[CORRECTION NOTE: An earlier version of this article suggests Mark Driscoll has in fact now resigned; this is in fact not the case, and I’m very grateful to fellow saint and sinner Mark for bringing this error to my attention. Driscoll is facing increasingly louder calls for resignation from within his own church and by way of dismissal from the Acts 29 Network—as this corrected version now states. For my own part, I can’t help but wonder if Driscoll’s resignation from Mars Hill will eventually be inevitable…]
The news of increasingly louder calls for megachurch pastor Mark Driscoll’s resignation on the heels of a series of now public and inexcusable improprieties on his part, while not surprising, begs a question: whose day of reckoning is it, really? After all, it would be easy to lay the blame squarely at the feet of Driscoll if this sort of scandal (a megachurch leader’s moral failings) were a first in history; since it’s not, I have to ask whether Driscoll is as much a symptom of a larger problem as he is a cause.

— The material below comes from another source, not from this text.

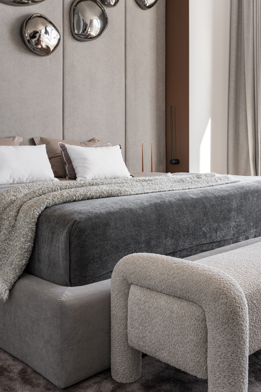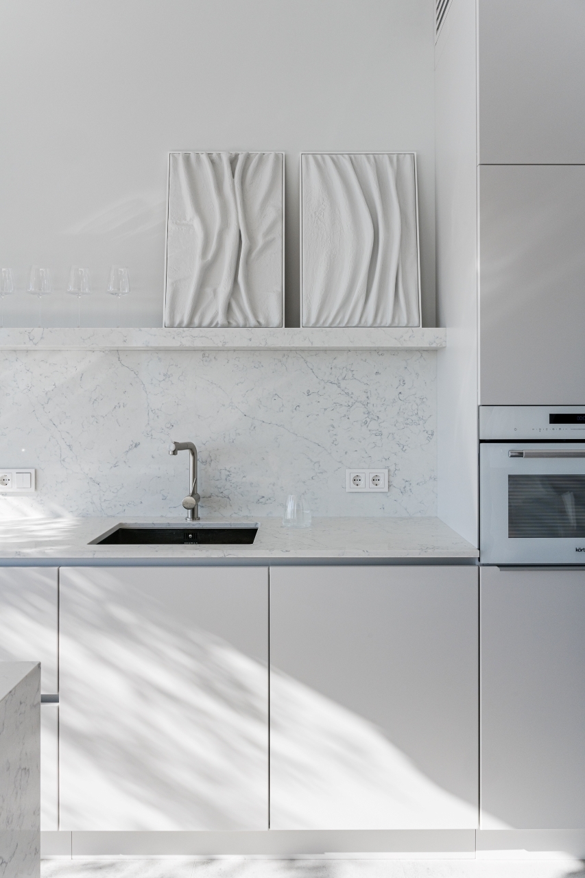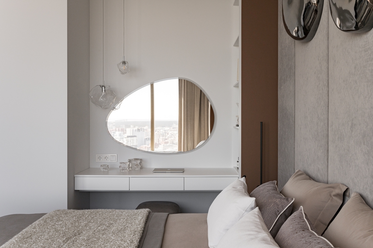 Искусство занимает особое место в этом интерьере. Картины и скульптуры, выбранные с любовью, создают атмосферу изысканности и утонченности. Лейтмотивом проекта стали изящные женские формы, которые так точно характеризуют нашу заказчицу. Мы предложили снять бюст с нашей заказчицы как с модели, и скульптор создал шедевр, который уже готов занять свое почетное место в квартире.

Sure, Driscoll has his issues (as we all do in various manifestations, if we’re at all honest with ourselves). (My heart hurts for Driscoll’s family as they face a growing deluge of public embarassment—even as I am glad that Driscoll is receiving the grace of being taken to task for his improprieties and, hopefully, getting help.) But anyone remotely familiar with Pauline notions of the systemic nature of sin—or with a basic knowledge of family systems, for that matter—should be asking what in the way of dysfunction causes evangelical churches to be particularly prone to these sorts of scandals.
Human sin and failing? Of course. That’s a no brainer.
But is it possible that there is something more unique to American evangelical church culture at play here, too—insofar as this particular way of being church is even more bound to set up its leaders for moral failure? The bigger the pedastal, the higher and more painful the fall, it seems. When a charismatic leader comes to be the first and almost exclusive form of association with a church—in this case, Mark Driscoll as Mars Hill—something has gone very wrong.
Ultimately, Driscoll did not come to equate himself with Mars Hill Church on his own. It took a whole peanut gallery of admirers sold on his version of an in-your-face “Christianity with cahones” (my words, not Driscoll’s) to plant and build his church and to feed Driscoll’s pattern of ethics and boundary violations. And it took a wife with a very traditional understanding of her place in the home to support her husband’s efforts (and a church culture that at least implicitly promoted this understanding of women as best fit for work as wives and mothers, rather than as gifted and true equals in ministry). Such common expressions of American evangelical church culture in the 21st century warrant at least a healthy suspicion.
My own church background and ministry experience have caused me to take note of this phenomenon—one that, if my experience is not exceptional (and I suspect it is not), I find peculiar and sad at the same time. As both a woman raised in conservative evangelical church circles and ordained for pastoral ministry in the Presbyterian Church, and as one who would still consider herself evangelical (at least in Barthian terms), I’ve come to wonder why it is that an often latent chauvinism (and in some cases misogyny), homophobia and other forms of discrimination—against those with particular illnesses, for example— are more apt to be present in churches whose leaders exude larger-than-life savior complexes and an inflated sense of self-importance.
From my experience, a church bent on bigger, more attractional, more “evangelical” and, especially ironically, more “culturally relevant” presentations of the Gospel will be less welcoming to women in leadership and in some cases demeaning; that church will also be less apt to see itself as a true priesthood of all believers dispatched to the world in a myriad of adventurous ways; instead, that church will be more and more the creation of one senior pastor’s (usually, one man’s) expression of the Gospel, for whom other persons are ultimately disposable.
In short, this sort of evangelical church culture has much to reckon for, Driscoll’s indiscretions notwithstanding.